● **DIRECTIONS**
Could you please reproduce all the records below exactly, leaving out the images?
Top of RECORDS SHOWN
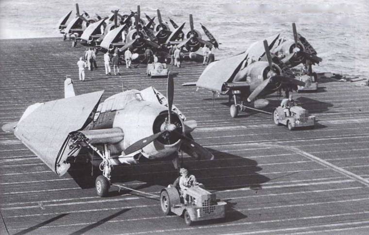 На «Эссексах» базировалось по 90-110 самолетов – обычно по 36 истребителей «Хэллкет» и пикирующих бомбардировщиков «Хэллдайвер», а также 18 «Эвенджеров» ТВМ-3. Часто количество пикировщиков увеличивали, a F6F заменяли истребителями-бомбардировщиками F4U «Корсар», которые были крупнее, и торпедоносный компонент сокращали до 10 машин, но при планировании операций он все равно играл роль «козырного туза».
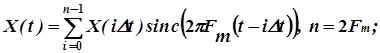 откуда и вытекает значение интервала дискретизации Δt, обеспечивающего восстановление исходного сигнала Х(t) по последовательности его отсчетов.
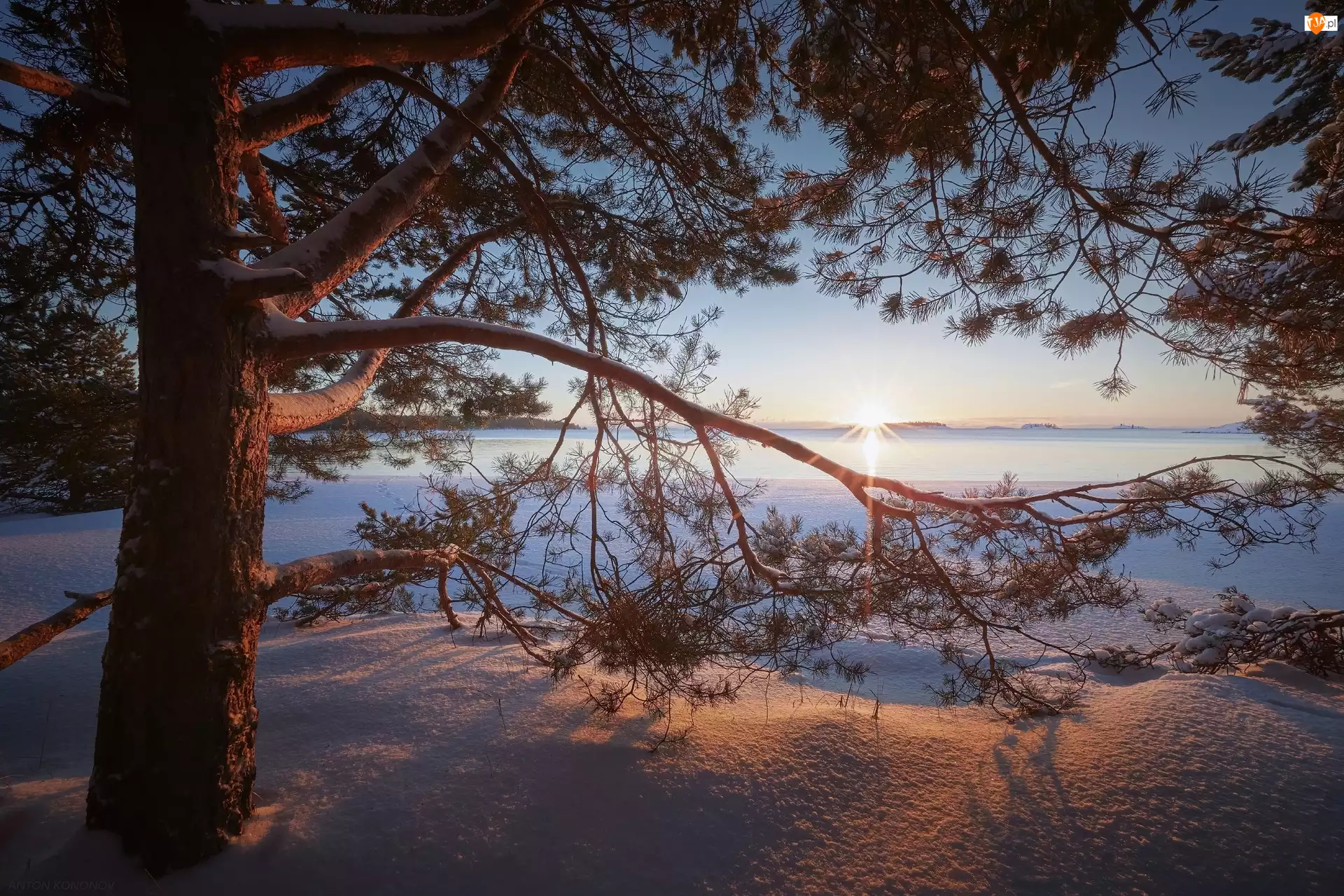 Drzewo, Sosna, Rosja, Zima, Karelia, Promienie słońca, Jezioro Ładoga
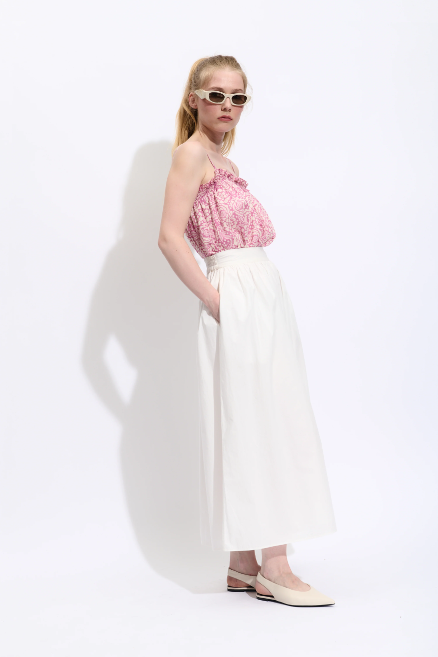 Chaleco de algodón suave con bordado floral exclusivo en colores vibrantes, que aporta un aire bohemio y lleno de personalidad. Presenta escote alto y frente abierto, con un ajuste elegante y estructurado que realza cualquier look. Una pieza única y atemporal, diseñada para aportar carácter y estilo.
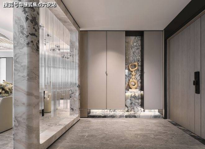 东区建面约320户型,将艺术感进一步融入日常中。特别设计的专属门厅空间,是从电梯厅延伸到家,如同一处艺廊,放慢人的情绪;室内选用了浅金色奢石(外界也称其为“芬迪白大理石”)作为主要的石材,曲面的木饰面也为浅色,整体给人以明亮感。
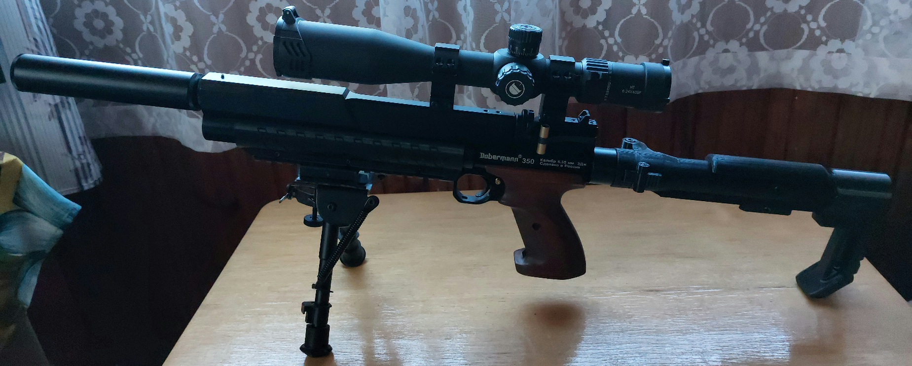 Установлен складной с регулируемой щекой приклад, цевьё с сошками, кастомная деревянная рукоять (заводская в комплекте), оптика DISCOVERY 6-24x40 ffp.
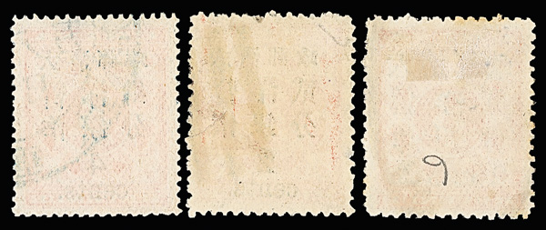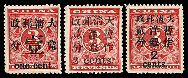 1897, 1¢ plus Small and Large 2¢ on 3¢ Red Revenues (Chan 84, 87-88. Scott 78-80), each fresh and sound with
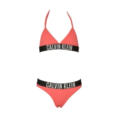 Calvin Klein Girls’ Triangle Bikini Set with Logo, Red (Deep Crimson Fruit), 12 14 Years
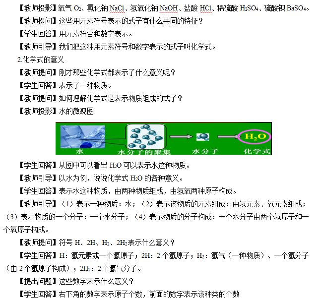 【教师引导】我们在之前已经了解了元素可以用元素符号来表示,那么我们前面学习的氧气、二氧化碳这些由元素组成的各种单质和化合物怎样来表示呢?带着这个疑问我们进入今天的内容。
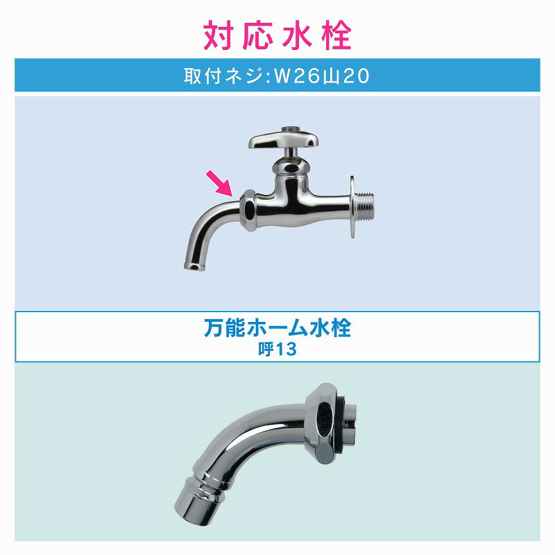 ※商品画像は代表型番のイメージです。型番通りのお手配になります。(色・形)等、確認の上ご注文下さい。 ◆水栓と洗濯機給水ホースをワンタッチで接続できるニップルです。 ◆呼び13の万能ホーム水栓・自在水栓・2ハンドル混合栓に取付できます。(取付対応ネジ:W26山20) ◆吐水口は回転式の為、どの方向にもホースを接続できます。 ◆ほとんどのメーカーの給水ホースが取付可能です。
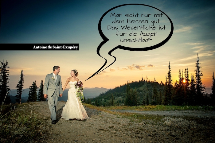 Inspirierende idee zum thema hochzeitssprüche ein bild mit einem liebespaar einer frau mit brautkleid und hochzeitssprüche von antoine de saint exupery
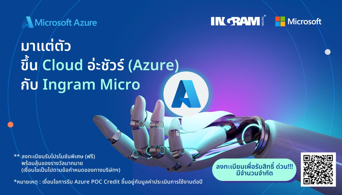 สำหรับผู้สนใจที่จะรับสิทธิโปรโมชั่นพิเศษจากทาง Ingram Micro เกี่ยวกับ Microsoft Azure สามารถลงทะเบียนในแบบฟอร์มที่ลิงก์ด้านล่างนี้ พร้อมร่วมลุ้นไปกับของรางวัลพิเศษ (ฟรี) (เงื่อนไขเป็นไปตามนโยบายของทาง Ingram Micro)
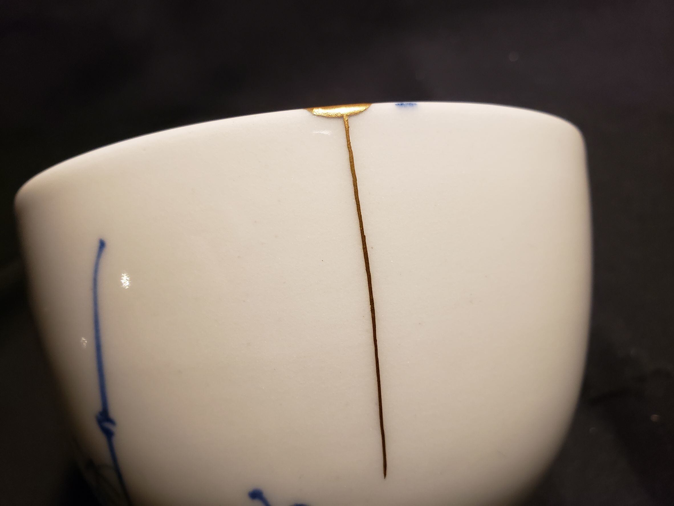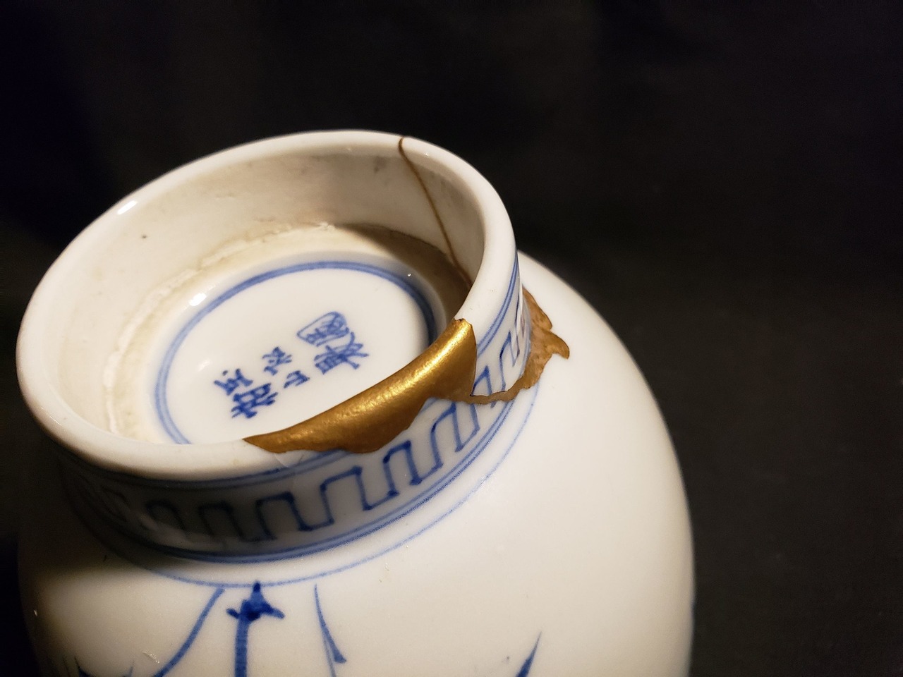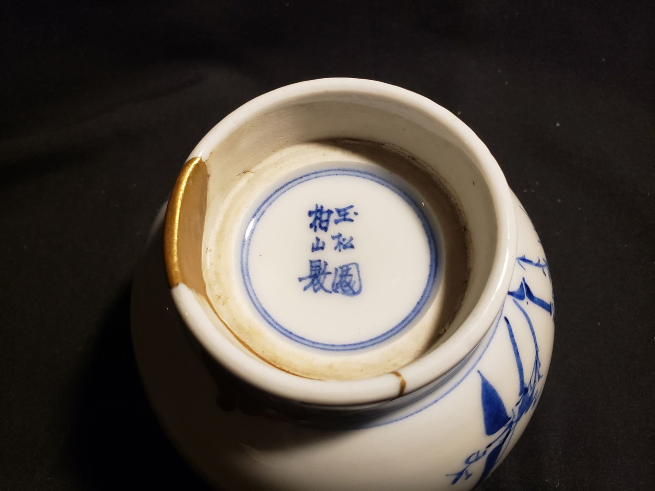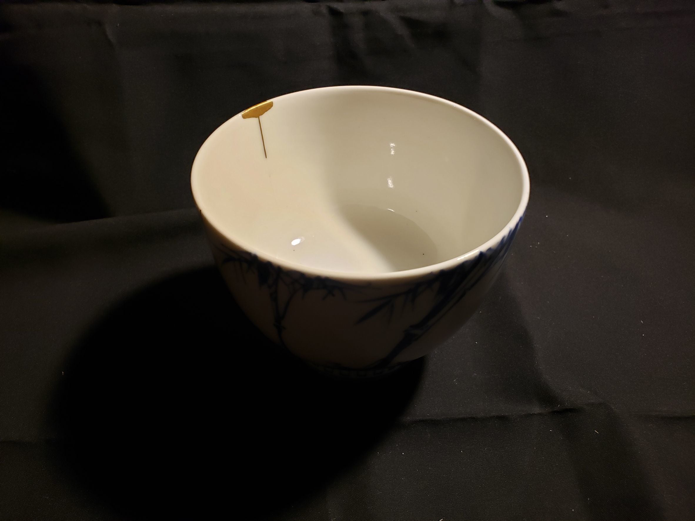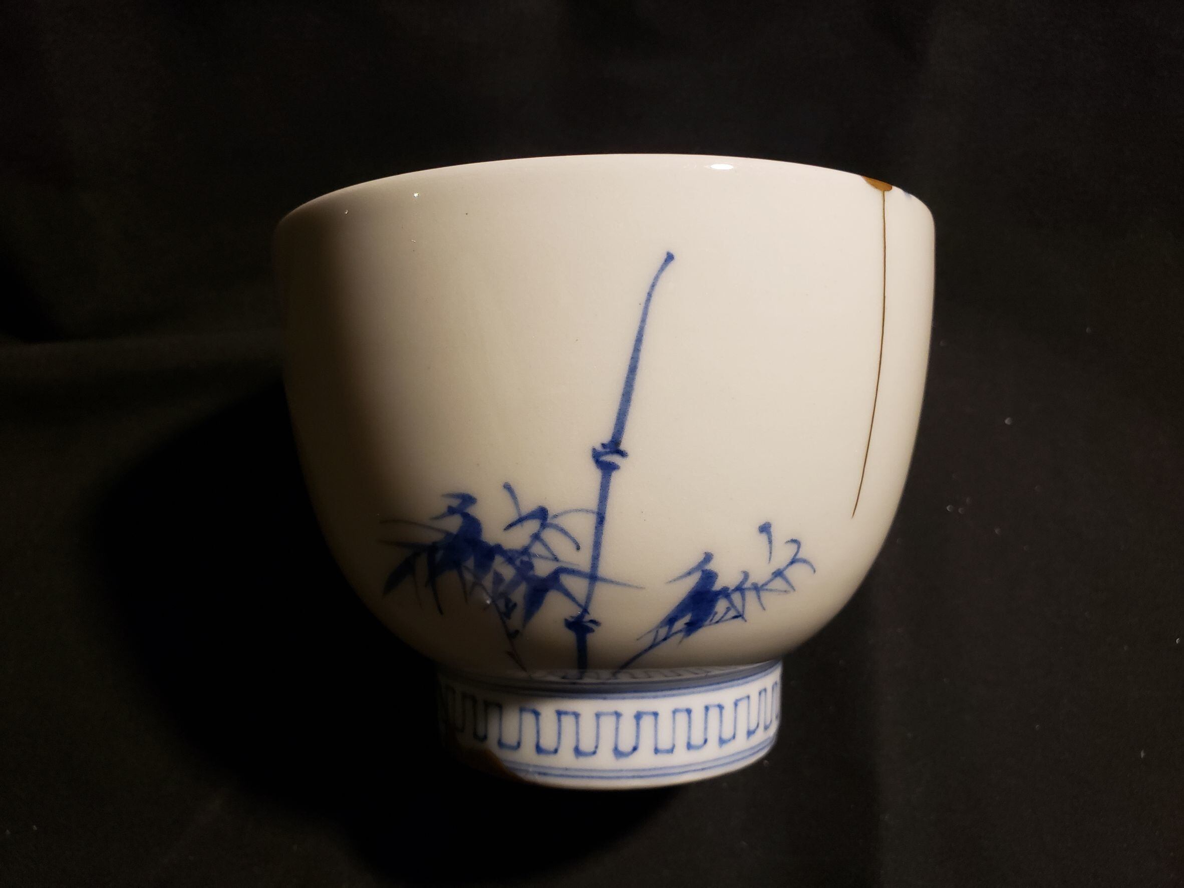 京焼 染付竹図小鉢(金継ぎ) 玉松園柏山製 S-0023
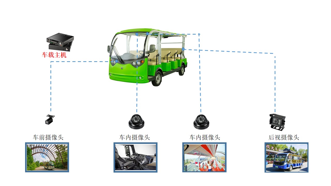 可支持多路摄像头,摄像头清晰度可达1080P,全方位监控观光车情况,监看游客是否将身体探出车外等。
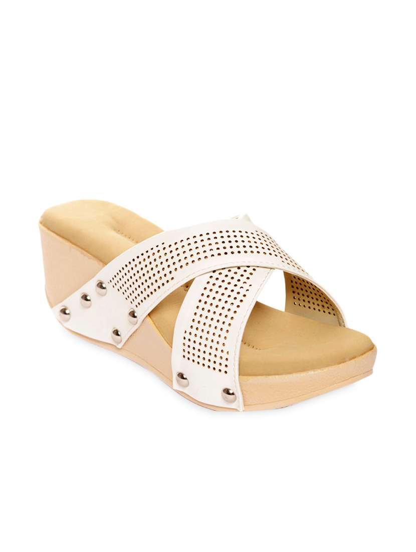 #4 white faux leather cut worked open toe wedge & similar products...
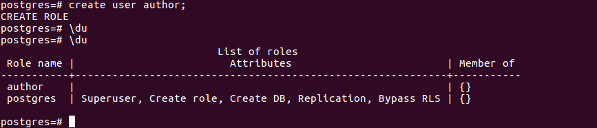 postgres=#create user author with login password 'qwerty';
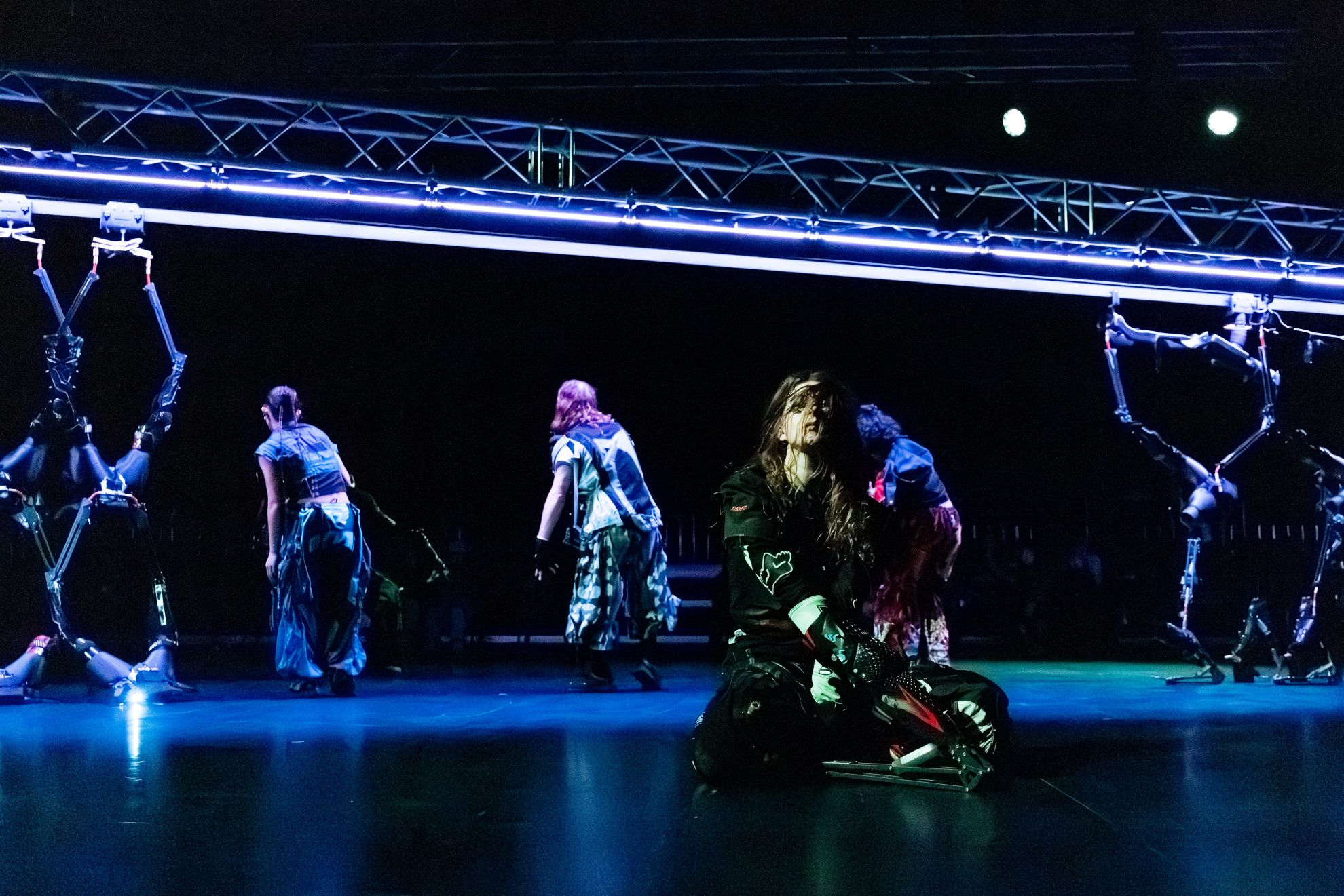 當後段舞者逐步卸下部分機械裝置,他們的身體不再完全依附於外骨骼的節律,而是開始以自己的力量重新校準動作、感知空間與集體節奏。緊接著,六位舞者在軌道下排列組成如「機械龍」般的集體形態:肢體相互疊合、延展,呈現出既超越個體又整合外骨骼延展的後人類形象。這一瞬間,作品清楚展現了身體如何在技術介入後重新獲得主體性:不是回到純粹的人類形式,而是以人與機械的混合體,重新書寫身體的能量、邊界與存在感。
Bottom of RECORDS SHOWN
● **RESPONSE BELOW**
 На «Эссексах» базировалось по 90-110 самолетов – обычно по 36 истребителей «Хэллкет» и пикирующих бомбардировщиков «Хэллдайвер», а также 18 «Эвенджеров» ТВМ-3. Часто количество пикировщиков увеличивали, a F6F заменяли истребителями-бомбардировщиками F4U «Корсар», которые были крупнее, и торпедоносный компонент сокращали до 10 машин, но при планировании операций он все равно играл роль «козырного туза».
 откуда и вытекает значение интервала дискретизации Δt, обеспечивающего восстановление исходного сигнала Х(t) по последовательности его отсчетов.
 Drzewo, Sosna, Rosja, Zima, Karelia, Promienie słońca, Jezioro Ładoga
 Chaleco de algodón suave con bordado floral exclusivo en colores vibrantes, que aporta un aire bohemio y lleno de personalidad. Presenta escote alto y frente abierto, con un ajuste elegante y estructurado que realza cualquier look. Una pieza única y atemporal, diseñada para aportar carácter y estilo.
 东区建面约320户型,将艺术感进一步融入日常中。特别设计的专属门厅空间,是从电梯厅延伸到家,如同一处艺廊,放慢人的情绪;室内选用了浅金色奢石(外界也称其为“芬迪白大理石”)作为主要的石材,曲面的木饰面也为浅色,整体给人以明亮感。
 Установлен складной с регулируемой щекой приклад, цевьё с сошками, кастомная деревянная рукоять (заводская в комплекте), оптика DISCOVERY 6-24x40 ffp.
 1897, 1¢ plus Small and Large 2¢ on 3¢ Red Revenues (Chan 84, 87-88. Scott 78-80), each fresh and sound with
 Calvin Klein Girls’ Triangle Bikini Set with Logo, Red (Deep Crimson Fruit), 12 14 Years
 【教师引导】我们在之前已经了解了元素可以用元素符号来表示,那么我们前面学习的氧气、二氧化碳这些由元素组成的各种单质和化合物怎样来表示呢?带着这个疑问我们进入今天的内容。
 ※商品画像は代表型番のイメージです。型番通りのお手配になります。(色・形)等、確認の上ご注文下さい。 ◆水栓と洗濯機給水ホースをワンタッチで接続できるニップルです。 ◆呼び13の万能ホーム水栓・自在水栓・2ハンドル混合栓に取付できます。(取付対応ネジ:W26山20) ◆吐水口は回転式の為、どの方向にもホースを接続できます。 ◆ほとんどのメーカーの給水ホースが取付可能です。
 Inspirierende idee zum thema hochzeitssprüche ein bild mit einem liebespaar einer frau mit brautkleid und hochzeitssprüche von antoine de saint exupery
 สำหรับผู้สนใจที่จะรับสิทธิโปรโมชั่นพิเศษจากทาง Ingram Micro เกี่ยวกับ Microsoft Azure สามารถลงทะเบียนในแบบฟอร์มที่ลิงก์ด้านล่างนี้ พร้อมร่วมลุ้นไปกับของรางวัลพิเศษ (ฟรี) (เงื่อนไขเป็นไปตามนโยบายของทาง Ingram Micro)
 京焼 染付竹図小鉢(金継ぎ) 玉松園柏山製 S-0023
 可支持多路摄像头,摄像头清晰度可达1080P,全方位监控观光车情况,监看游客是否将身体探出车外等。
 #4 white faux leather cut worked open toe wedge & similar products...
 postgres=#create user author with login password 'qwerty';
 當後段舞者逐步卸下部分機械裝置,他們的身體不再完全依附於外骨骼的節律,而是開始以自己的力量重新校準動作、感知空間與集體節奏。緊接著,六位舞者在軌道下排列組成如「機械龍」般的集體形態:肢體相互疊合、延展,呈現出既超越個體又整合外骨骼延展的後人類形象。這一瞬間,作品清楚展現了身體如何在技術介入後重新獲得主體性:不是回到純粹的人類形式,而是以人與機械的混合體,重新書寫身體的能量、邊界與存在感。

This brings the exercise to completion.